I have two dataframes mval
and meth_deconv
with shared columns but different row values.
I want to perform min-max normalization of mval
based on meth_deconv
values.
common.cols <- intersect(colnames(mval), colnames(meth_deconv))

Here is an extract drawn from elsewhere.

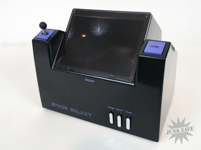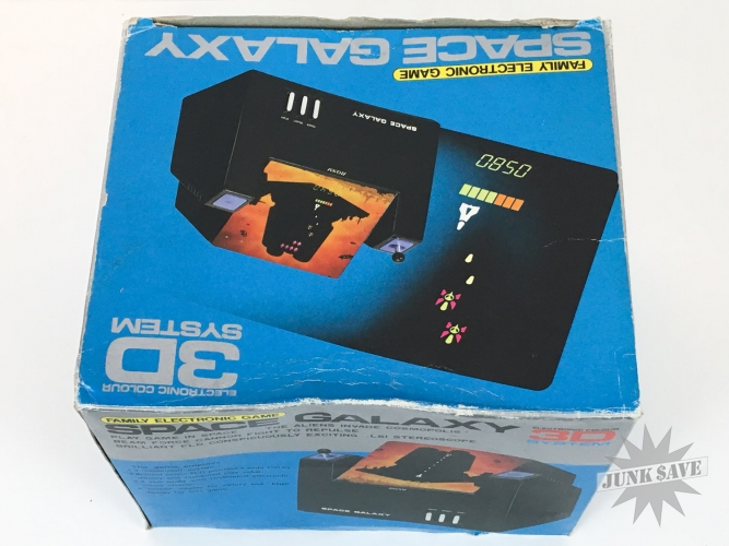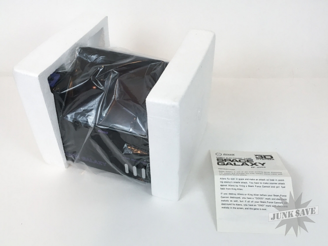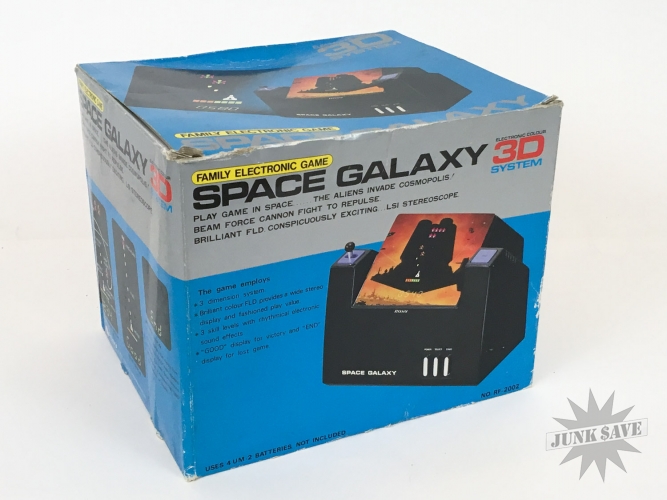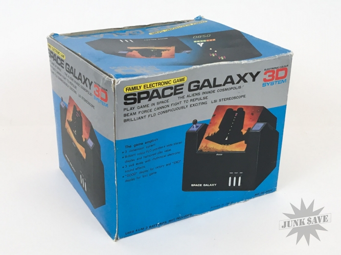 A beautiful tabletop video game - Space Galaxy 3D by Rosy from Japan. Game plays like Galaxian and was tested, works perfectly. Stunning condition found from old dealer stock, just some very minor wear to box edges and corners, otherwise new. A bright, crisp, minty, top-shelf prize. The design of this series of 3-D tabletops is just plain AWESOME, check photos and see for yourself!

meth_deconv <- meth_deconv[,common.cols]
mval <- mval[,common.cols]
bval <- bval[,common.cols]
for (col in colnames(mval)) {
min <- min(meth_deconv[[col]])
max <- max(meth_deconv[[col]])
mval[[col]] <- (mval[[col]] - min) / (max - min)
}
Traceback:
> for (col in colnames(mval)) {
+ min <- min(meth_deconv[[col]])
+ max <- max(meth_deconv[[col]])
+ mval[[col]] <- (mval[[col]] - min) / (max - min)
+ }
Error in mval[[col]] : subscript out of bounds
Input:
> dput(meth_deconv[1:5,1:5])
structure(list(TCGA.Y8.A8RZ.01 = c(0.129859982131871, 0.0357708166456001,
0, 0.133656384812674, 0.0666114231385833), TCGA.Y8.A8RY.01 = c(0.114822027432518,
0.0182327682610597, 0, 0.154950359997823, 0.0170537545658276),
TCGA.Y8.A897.01 = c(0.0733882956002282, 0.0156764793850076,
0, 0.142084581990467, 0.0464498830958926), TCGA.Y8.A896.01 = c(0.105826996952733,
0.0298500219688853, 0, 0.139574516141476, 0.0352706140819193
), TCGA.Y8.A895.01 = c(NA_real_, NA_real_, NA_real_, NA_real_,
NA_real_)), row.names = c("Bcell", "CD8", "Dendritic", "Endo",
"Eos"), class = "data.frame")
> dput(mval[1:5,1:5])
structure(c(2.20666978271644, 2.21762842677891, -4.07494124222421,
-4.13722707002192, -3.43314164549568, 2.33449419612022, 2.34788404801465,
-3.75292484979324, -4.3115910063775, -4.31229291319228, 2.54516913102614,
3.15809412595788, -2.12378973913844, -4.35973967501755, -4.39347889615609,
2.14840959318955, 1.81982095876368, -3.46795103846624, -4.29965006722576,
-4.40595273662642, 2.66361259477239, 2.62697164963472, -1.88151767905837,
-4.13446638546434, -4.09928030669639), dim = c(5L, 5L), dimnames = list(
c("cg00000957", "cg00001349", "cg00001583", "cg00002028",
"cg00002719"), c("TCGA.Y8.A8RZ.01", "TCGA.Y8.A8RY.01", "TCGA.Y8.A897.01",
"TCGA.Y8.A896.01", "TCGA.Y8.A895.01")))
>Solution :
This is because your objects are matrices rather than data frames. When you use [[
notation, the matrix acts like a vector. For example:
mval[[1]]
# [1] 2.20667
This returns the first element, rather than the first column. Note what happens if you try to use [[
with a column name:
mval[["TCGA.Y8.A895.01"]]
# Error in mval[["TCGA.Y8.A895.01"]] : subscript out of bounds
To refer to a column by its name, instead use mval[, col]
:
mval[, "TCGA.Y8.A895.01"]
# cg00000957 cg00001349 cg00001583 cg00002028 cg00002719
# 2.663613 2.626972 -1.881518 -4.134466 -4.099280
Note this returns a vector. To return a one-column matrix, you can do mval[, "TCGA.Y8.A895.01", drop = FALSE]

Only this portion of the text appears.